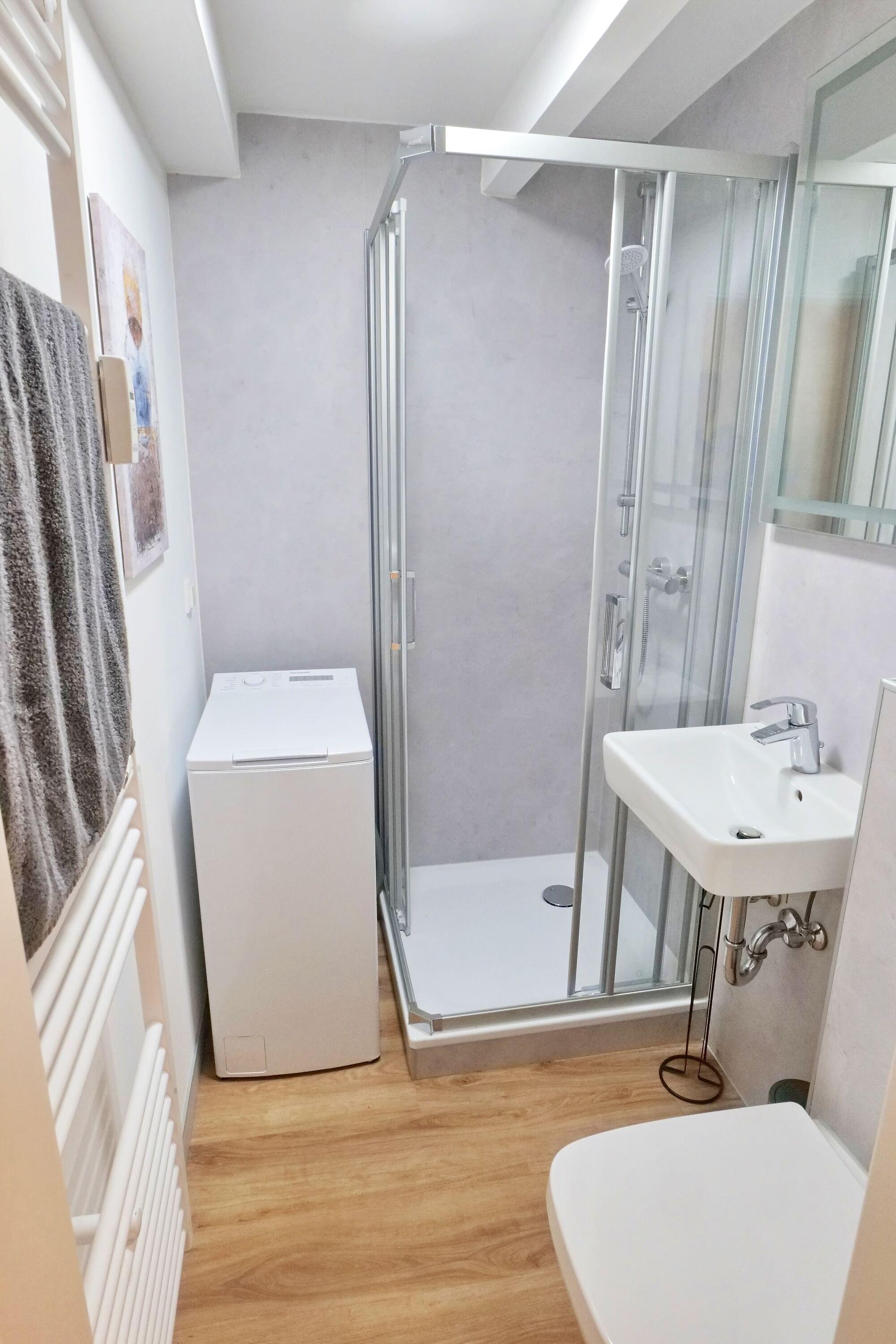 • Bad mit WC / Dusche, Fön, Spiegel, Waschbecken
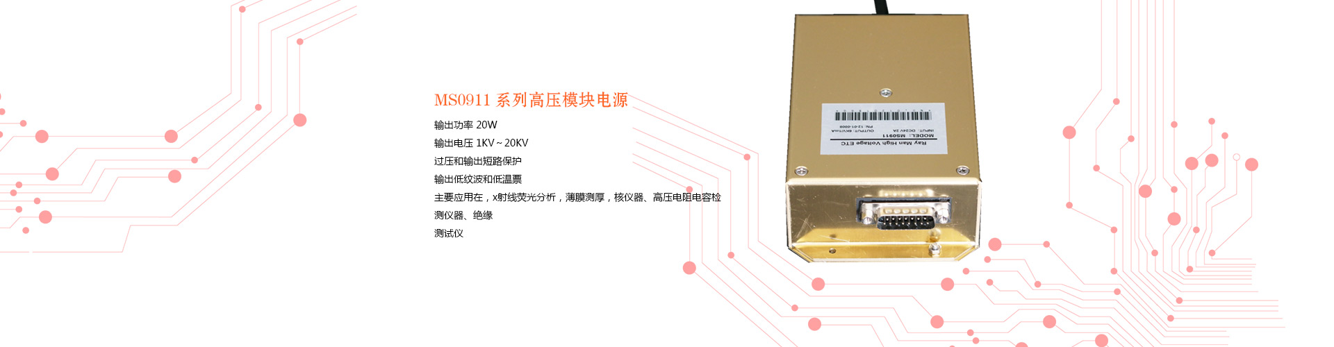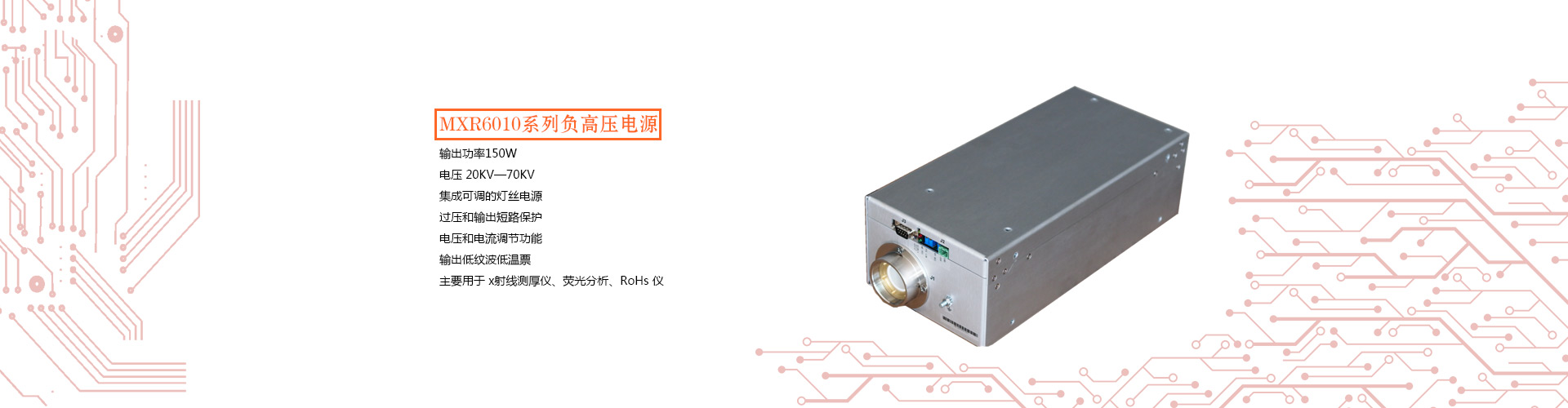 MXRN 系列負高壓電源是 X 光機專用高壓電源,射線管陽極接地易于散熱。它集成了懸浮可調(diào)的燈絲電源。電源輸出穩(wěn)定低溫漂的高壓,燈絲電源及管流閉環(huán)控制,主要用于熒光分析、RoHs 儀、 測厚儀等。
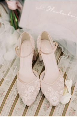 Marisol je skutočne špeciálna, ručne vyrábaná svadobná obuv vyrobená z priehľadnej čipky. Tento štýl má krásny nahý tón, preto túto obuv vrelo odporúčame aj pre družičky a mamičky nevesty. Predný aj zadný diel zdobí romantický kvetinový vzor. Stredná výška podpätku a módny blokový podpätok poskytujú celodenné pohodlie. Vďaka koženej stielke, gélovej výplni a špongiovej zadnej časti je tento štýl nielen krásny, ale aj veľmi pohodlný. Nastaviteľný popruh poskytuje extra stabilitu.
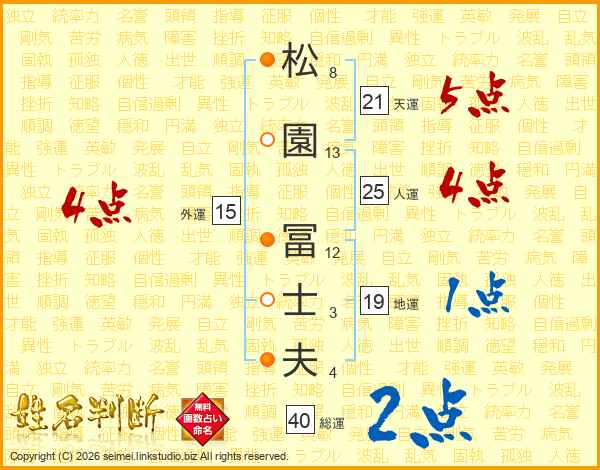 松(8画)園(13画) 冨(12画)士(3画)夫(4画)
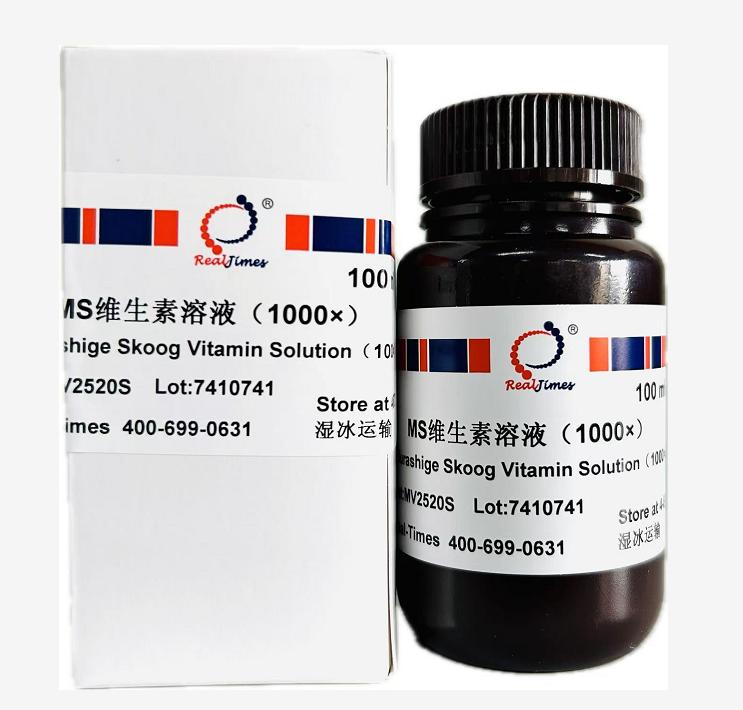 MS維生素溶液是培養基組份中維生素的單獨混合物,濃度為1000×,該溶液已經抽濾除菌,可以直接添加到培養基中,建議1升培養基中加入1 ml MS維生素溶液。
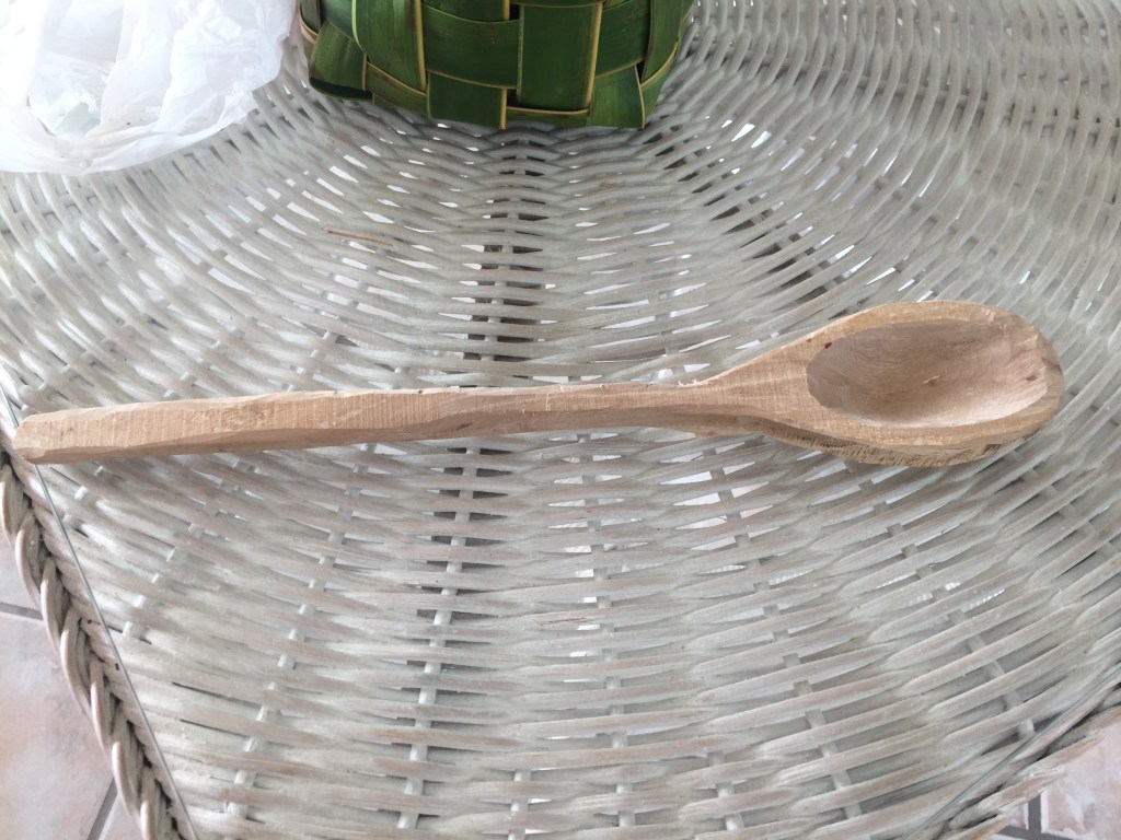 Buttonwood branch cut and shared by a neighborCut with a saw into a spoon shape by another neighborBeing hand carved by a wood carver, not yet finished
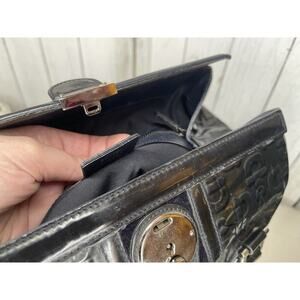 Gucci Horsebit Sherry Line Square Doctor's Bag Handbag Navy Patent Leather

→ Exercise:
The copy must begin with the line containing "MXRN 系列負高壓電源是 X", end with the last line of the material, match each line exactly, and hold no pictures.

→ Result for this task:
 MXRN 系列負高壓電源是 X 光機專用高壓電源,射線管陽極接地易于散熱。它集成了懸浮可調(diào)的燈絲電源。電源輸出穩(wěn)定低溫漂的高壓,燈絲電源及管流閉環(huán)控制,主要用于熒光分析、RoHs 儀、 測厚儀等。
 Marisol je skutočne špeciálna, ručne vyrábaná svadobná obuv vyrobená z priehľadnej čipky. Tento štýl má krásny nahý tón, preto túto obuv vrelo odporúčame aj pre družičky a mamičky nevesty. Predný aj zadný diel zdobí romantický kvetinový vzor. Stredná výška podpätku a módny blokový podpätok poskytujú celodenné pohodlie. Vďaka koženej stielke, gélovej výplni a špongiovej zadnej časti je tento štýl nielen krásny, ale aj veľmi pohodlný. Nastaviteľný popruh poskytuje extra stabilitu.
 松(8画)園(13画) 冨(12画)士(3画)夫(4画)
 MS維生素溶液是培養基組份中維生素的單獨混合物,濃度為1000×,該溶液已經抽濾除菌,可以直接添加到培養基中,建議1升培養基中加入1 ml MS維生素溶液。
 Buttonwood branch cut and shared by a neighborCut with a saw into a spoon shape by another neighborBeing hand carved by a wood carver, not yet finished
 Gucci Horsebit Sherry Line Square Doctor's Bag Handbag Navy Patent Leather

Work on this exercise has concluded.